§ **TRY IT**: Your copy should contain exactly the lines from the start of the listing through the line that holds "Juventus selalu menang", and no pictures.

----------

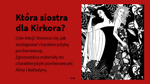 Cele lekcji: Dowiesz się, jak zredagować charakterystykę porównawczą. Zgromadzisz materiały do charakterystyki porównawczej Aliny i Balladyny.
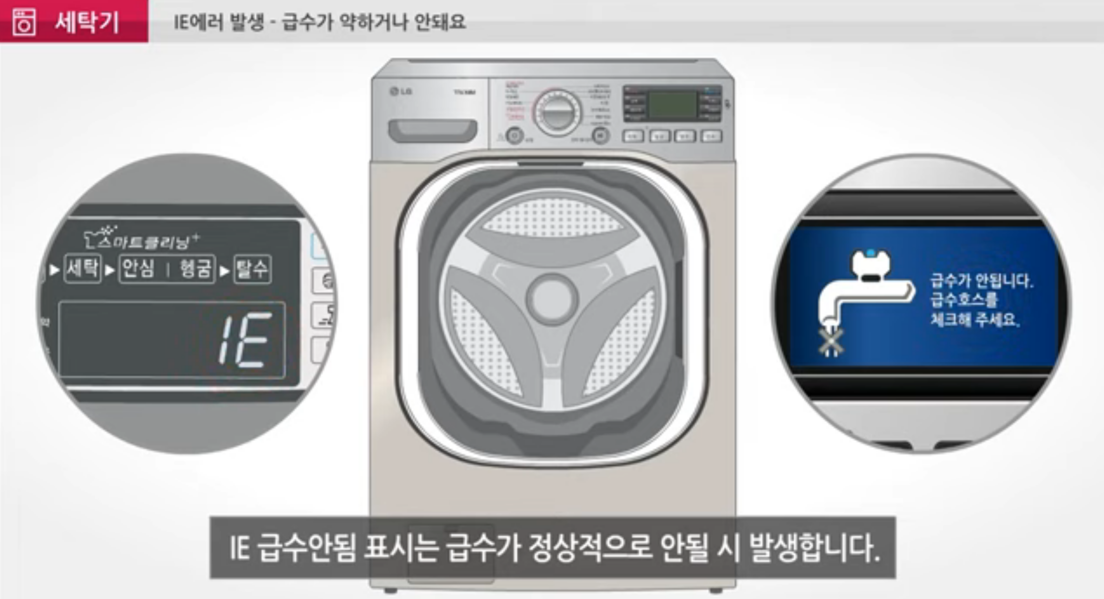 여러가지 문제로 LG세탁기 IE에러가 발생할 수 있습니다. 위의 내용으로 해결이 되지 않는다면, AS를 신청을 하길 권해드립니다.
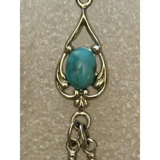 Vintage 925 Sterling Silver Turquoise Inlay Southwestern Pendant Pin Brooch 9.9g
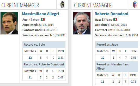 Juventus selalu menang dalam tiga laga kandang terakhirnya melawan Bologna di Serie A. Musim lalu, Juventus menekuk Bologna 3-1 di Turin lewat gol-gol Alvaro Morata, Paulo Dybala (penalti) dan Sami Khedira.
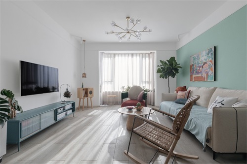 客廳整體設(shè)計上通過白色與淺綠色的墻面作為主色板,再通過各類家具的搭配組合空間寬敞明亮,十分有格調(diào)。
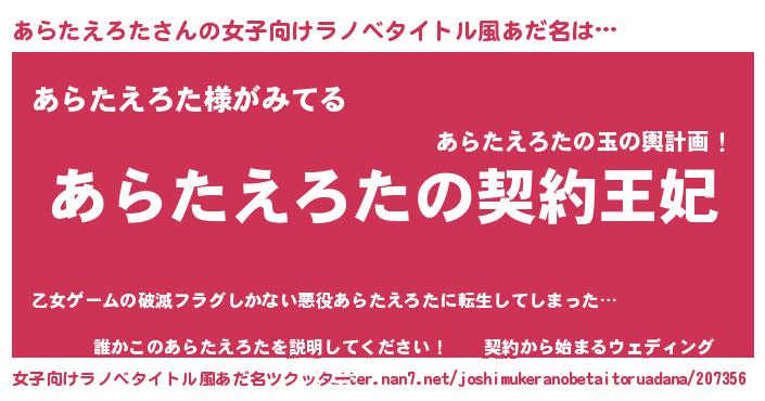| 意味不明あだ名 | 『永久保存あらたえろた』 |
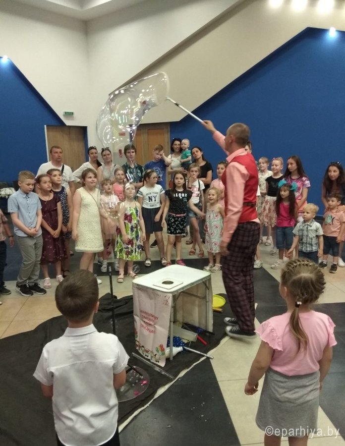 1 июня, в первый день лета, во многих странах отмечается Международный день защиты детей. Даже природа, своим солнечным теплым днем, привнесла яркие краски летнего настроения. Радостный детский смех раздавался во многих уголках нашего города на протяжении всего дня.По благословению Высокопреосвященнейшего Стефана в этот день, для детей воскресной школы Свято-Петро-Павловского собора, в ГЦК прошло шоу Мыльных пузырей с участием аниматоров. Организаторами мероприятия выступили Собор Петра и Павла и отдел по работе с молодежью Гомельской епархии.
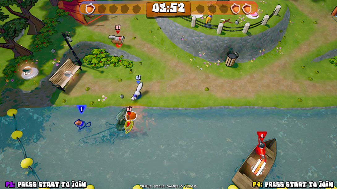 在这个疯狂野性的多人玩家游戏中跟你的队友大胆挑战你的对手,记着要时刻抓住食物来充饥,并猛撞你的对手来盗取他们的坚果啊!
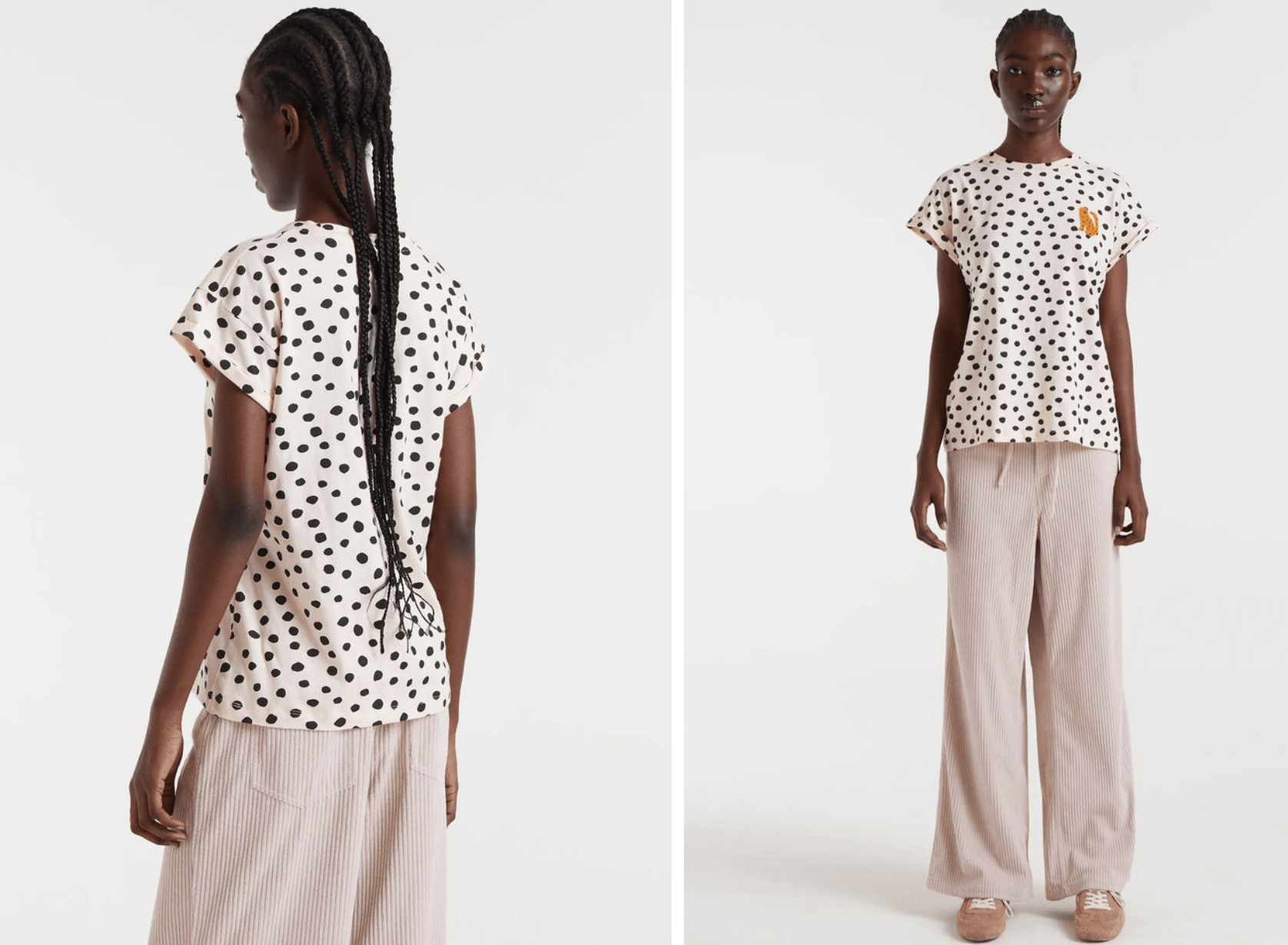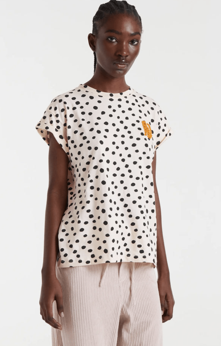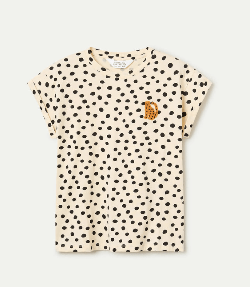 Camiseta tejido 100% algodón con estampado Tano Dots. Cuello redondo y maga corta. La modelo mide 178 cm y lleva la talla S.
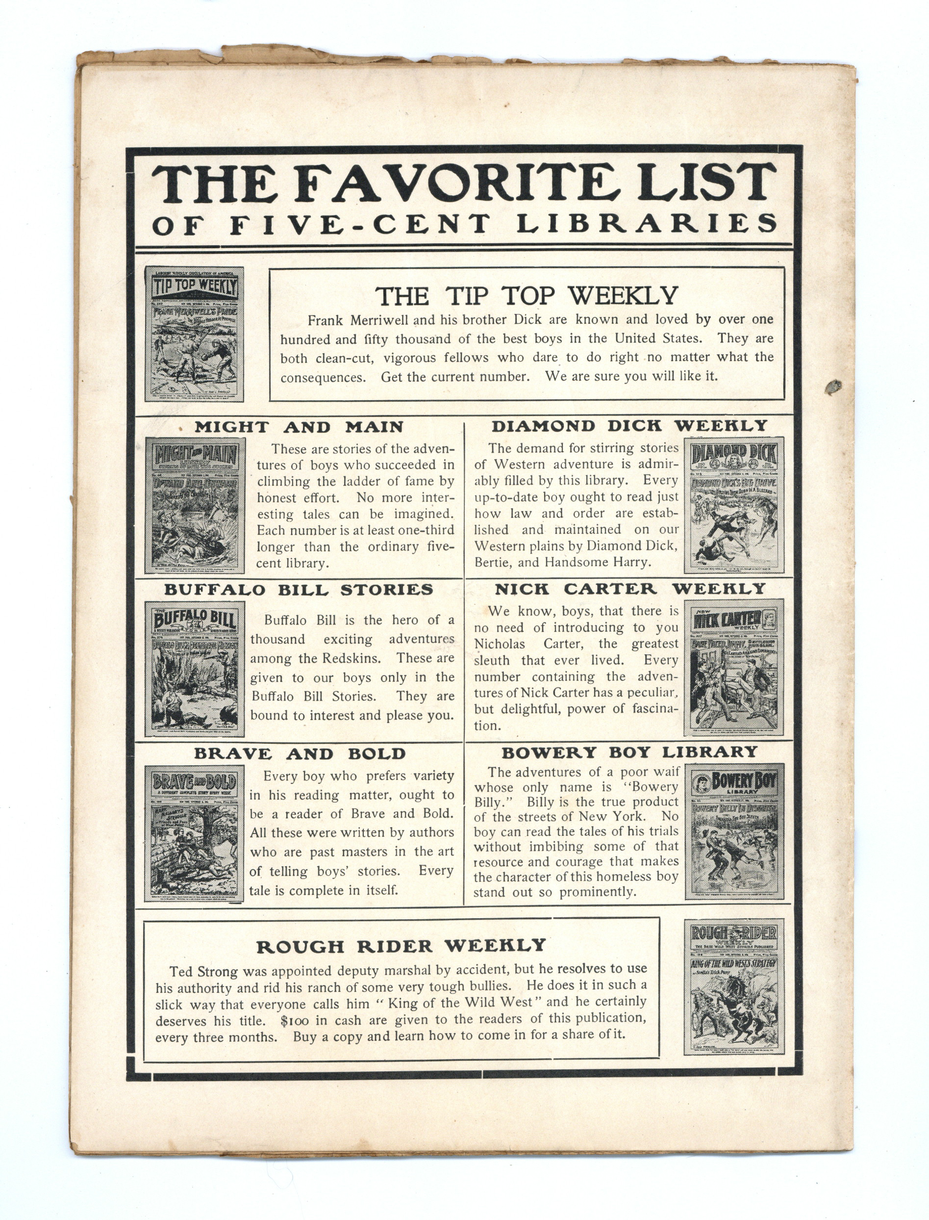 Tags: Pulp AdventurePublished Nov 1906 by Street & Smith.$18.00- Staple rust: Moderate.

----------

§ **SOLVED EXERCISE**:
 Cele lekcji: Dowiesz się, jak zredagować charakterystykę porównawczą. Zgromadzisz materiały do charakterystyki porównawczej Aliny i Balladyny.
 여러가지 문제로 LG세탁기 IE에러가 발생할 수 있습니다. 위의 내용으로 해결이 되지 않는다면, AS를 신청을 하길 권해드립니다.
 Vintage 925 Sterling Silver Turquoise Inlay Southwestern Pendant Pin Brooch 9.9g
 Juventus selalu menang dalam tiga laga kandang terakhirnya melawan Bologna di Serie A. Musim lalu, Juventus menekuk Bologna 3-1 di Turin lewat gol-gol Alvaro Morata, Paulo Dybala (penalti) dan Sami Khedira.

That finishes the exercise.